The family of businessman Sean Quinn have lost their appeal over being refused permission to make certain amendments to their action denying any liability for €2.34 billion loans made by Anglo Irish Bank to Quinn companies.
The family can proceed with a range of claims, including alleged negligent infliction of economic harm, the Court of Appeal said.
In a judgment on Friday, the three judge appeal court endorsed the High Court’s conclusion that the desired changes to the family’s claim were not required to decide the real questions in controversy in the case.
It also allowed part of a linked appeal by Anglo's successor, Irish Bank Resolution Corporation (IBRC), against the High Court's refusal of the bank's application to strike out other parts of their statement of claim.

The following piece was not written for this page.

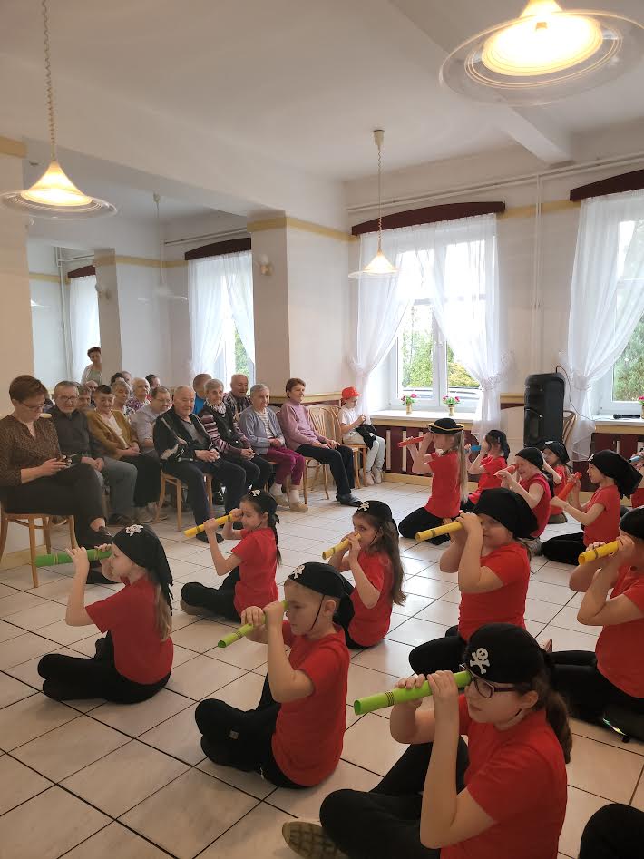 22 marca wybrali się z wizytą do Domu Pomocy Społecznej w Zagórowie, a 23 marca odwiedzili Centrum Opiekuńczo-Mieszkalne w Kopojnie. Pensjonariusze oraz pracownicy przyjęli członków koła teatralnego miło i serdecznie. Młodzi aktorzy zaprezentowali przedstawienie pt. ,,Wyprawa piratów”. Zostali nagrodzeni gromkimi brawami i usłyszeli wiele ciepłych słów na temat udanego spektaklu. Po występie zrobili sobie wspólne, pamiątkowe zdjęcia. Na koniec występujący zostali obdarowani słodyczami.

Ms Justice Mary Irvine said the High Court erred in not excising some of the claims but correctly found a claim of negligent infliction of economic harm was properly pleaded.

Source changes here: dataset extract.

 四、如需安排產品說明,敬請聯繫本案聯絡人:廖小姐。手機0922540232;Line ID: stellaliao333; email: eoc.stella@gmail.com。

In their action against IBRC, Patricia Quinn and her five adult children contend they are not liable for their guarantees and security on the Anglo loans because of statutory and regulatory breaches by the bank.
The action was put on hold by the High Court last October due to pending criminal trials involving former Anglo executives. Before that, the Quinns applied to amend their original claim challenging the validity of share pledges and guarantees given to Anglo as security for monies loaned to Quinn companies.
They also allege breach of fiduciary duty by the bank and negligent infliction of economic harm.
Giving the the unanimous three-judge Court of Appeal decision, Ms Justice Irvine said the transactions arose out of a negative drop in the price of Anglo shares in 2007 when the bank advanced to the Quinn Group firms funds to allow them meet certain share commitments. Known as "contracts for difference (CFDs)", they involve an agreement to exchange the difference between the current and future price of shares in a company, in this case Anglo.
The Quinns signed many security documents relating to the CFDs and said they did so without legal or financial advice.
When Anglo’s share price continued to drop in 2008, the Quinn Group needed further loan facilities as they came under pressure from banks and bondholders, she said.
When the bank demanded the Quinns reduce the CFD position, most of the CFDs were unwound into shares, one portion of which was purchased by a group of investors known as the “Maple Ten” and the rest by the Quinn Group. The Quinn shares were transferred to six Quinn-owned Cypriot companies which ultimately received €498 million from Anglo.
In their original statement of claim, the Quinns alleged the guarantees and pledges are unenforceable on grounds including they were procured by undue influence and breached company law and EU market abuse regulations.
Following a March 2015 Supreme Court decision that the Quinns cannot pursue claims of company law or market abuse breaches, they applied to amend their original claim to insert a plea of “stand alone” enforceability of share pledges and guarantees.
The High Court found they had failed to provide an adequate explanation why that was not pleaded at the outset of the case. The amendment was “an entirely new claim” never pleaded until after the Supreme Court decision, she said.
While Aoife Quinn had said in an affidavit the stand alone enforceability had always been at issue, that assertion "did not sit comfortably" with the pleadings or the fact no evidence was presented to the court during another hearing on a preliminary issue.
The High Court correctly held the amendment was not necessary to allow true issues between the parties to be determined and there was culpable delay on the part of the Quinns in bringing their application to amend, she found.
The Quinns conduct seeking to “recast their claim” was abusive of the defendants and would also mean circumventing or undermining previously determined issue, she added.